Brief: Would you copy exactly the lines in the data below from the one that has "ふわふわのオムレツとにんにく" through the one that has "The fittingcurves of", dropping any pictures?
· · · ·
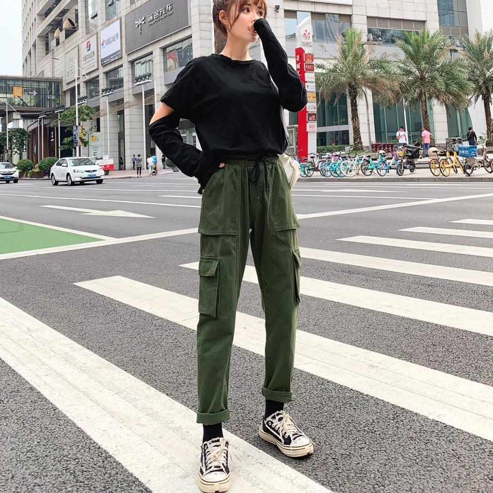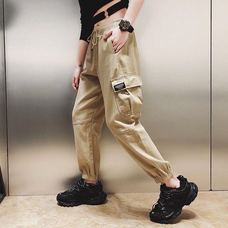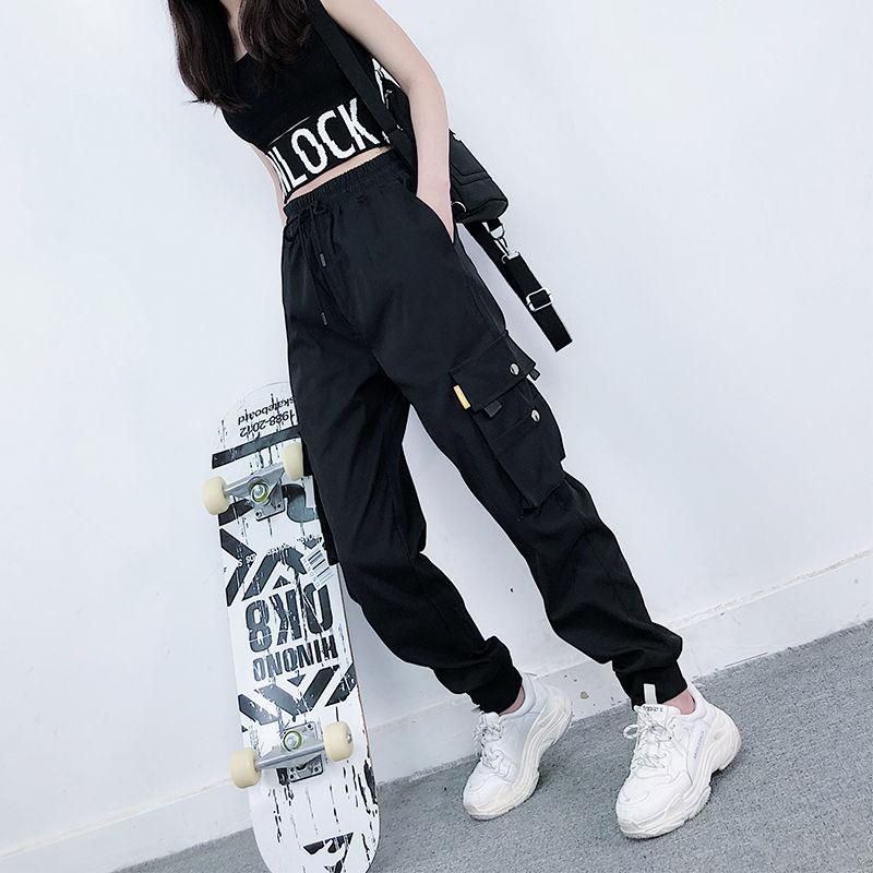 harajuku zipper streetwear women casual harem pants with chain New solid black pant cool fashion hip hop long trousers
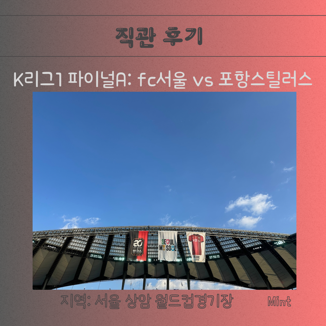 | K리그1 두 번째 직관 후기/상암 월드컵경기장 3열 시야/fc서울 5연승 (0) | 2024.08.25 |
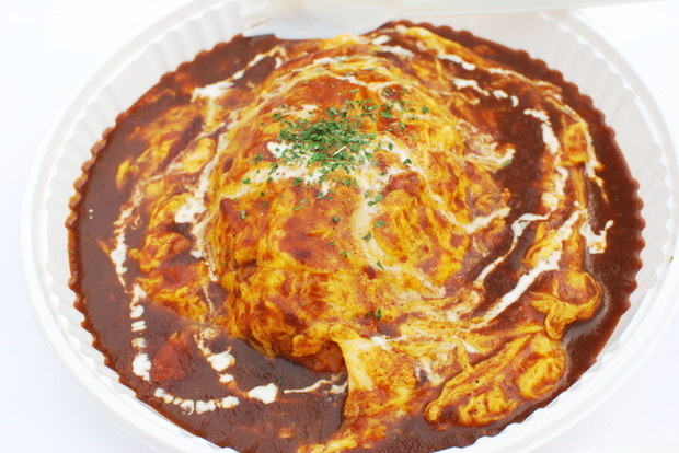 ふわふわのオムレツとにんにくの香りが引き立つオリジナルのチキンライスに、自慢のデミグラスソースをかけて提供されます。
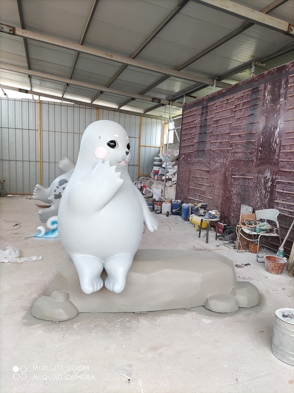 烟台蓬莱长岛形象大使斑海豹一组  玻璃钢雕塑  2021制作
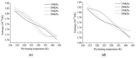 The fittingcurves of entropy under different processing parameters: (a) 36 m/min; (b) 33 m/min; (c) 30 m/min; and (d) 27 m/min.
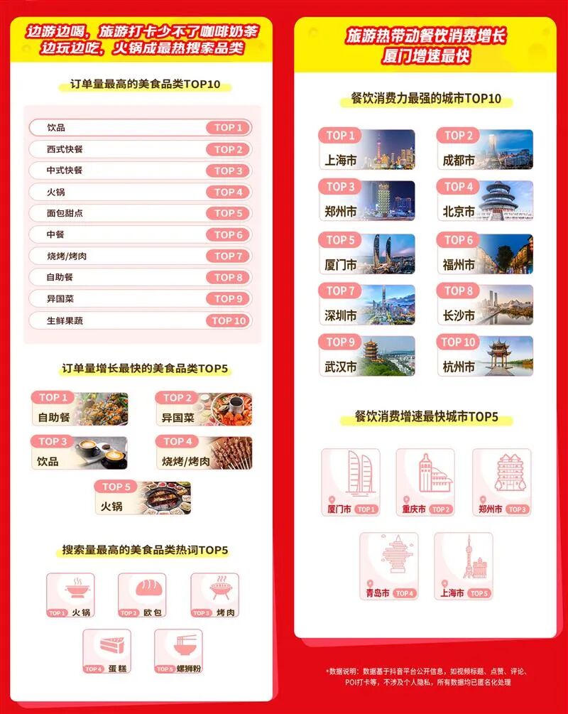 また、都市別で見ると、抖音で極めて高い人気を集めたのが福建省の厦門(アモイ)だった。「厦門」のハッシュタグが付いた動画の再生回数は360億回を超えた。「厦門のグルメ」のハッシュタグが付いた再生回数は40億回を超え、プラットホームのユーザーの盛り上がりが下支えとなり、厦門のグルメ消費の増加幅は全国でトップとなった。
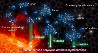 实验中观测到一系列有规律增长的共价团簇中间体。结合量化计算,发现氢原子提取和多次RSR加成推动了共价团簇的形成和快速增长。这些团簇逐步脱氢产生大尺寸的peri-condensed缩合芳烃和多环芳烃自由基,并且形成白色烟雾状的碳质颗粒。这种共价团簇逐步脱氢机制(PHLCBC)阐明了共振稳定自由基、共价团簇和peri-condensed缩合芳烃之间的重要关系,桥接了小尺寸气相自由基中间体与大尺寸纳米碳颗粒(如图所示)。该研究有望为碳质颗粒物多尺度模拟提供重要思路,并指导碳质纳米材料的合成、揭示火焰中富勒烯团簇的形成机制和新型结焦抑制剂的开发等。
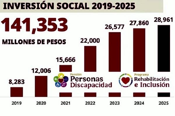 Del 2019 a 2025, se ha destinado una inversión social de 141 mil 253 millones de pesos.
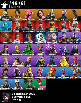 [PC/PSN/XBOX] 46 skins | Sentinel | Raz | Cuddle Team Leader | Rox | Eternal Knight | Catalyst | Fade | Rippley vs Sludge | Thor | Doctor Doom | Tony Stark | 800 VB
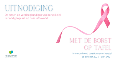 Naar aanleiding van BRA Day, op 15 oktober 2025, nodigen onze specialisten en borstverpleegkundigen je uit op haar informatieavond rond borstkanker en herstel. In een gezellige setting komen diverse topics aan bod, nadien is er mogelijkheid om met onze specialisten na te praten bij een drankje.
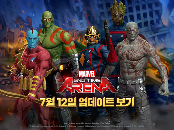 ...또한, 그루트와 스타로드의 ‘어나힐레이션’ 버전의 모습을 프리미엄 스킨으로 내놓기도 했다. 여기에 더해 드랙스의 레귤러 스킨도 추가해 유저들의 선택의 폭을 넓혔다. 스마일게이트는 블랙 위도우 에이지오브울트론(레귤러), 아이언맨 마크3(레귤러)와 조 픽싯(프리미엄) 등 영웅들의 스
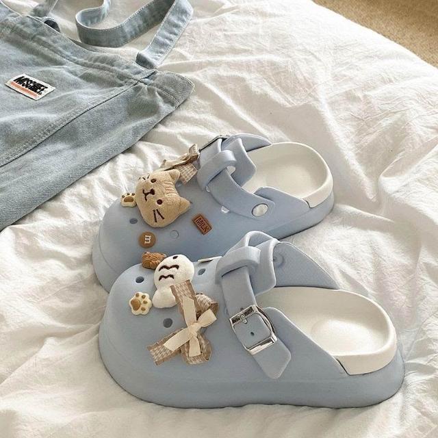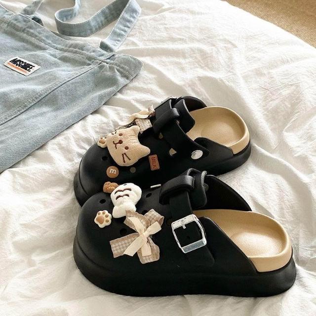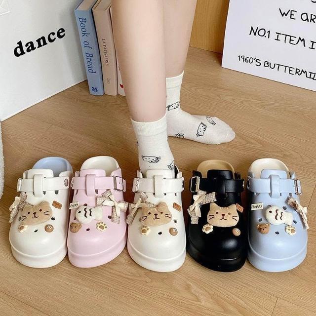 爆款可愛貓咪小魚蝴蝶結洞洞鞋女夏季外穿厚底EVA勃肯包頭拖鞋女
· · · ·
Result for this exercise:
 ふわふわのオムレツとにんにくの香りが引き立つオリジナルのチキンライスに、自慢のデミグラスソースをかけて提供されます。
 烟台蓬莱长岛形象大使斑海豹一组  玻璃钢雕塑  2021制作
 The fittingcurves of entropy under different processing parameters: (a) 36 m/min; (b) 33 m/min; (c) 30 m/min; and (d) 27 m/min.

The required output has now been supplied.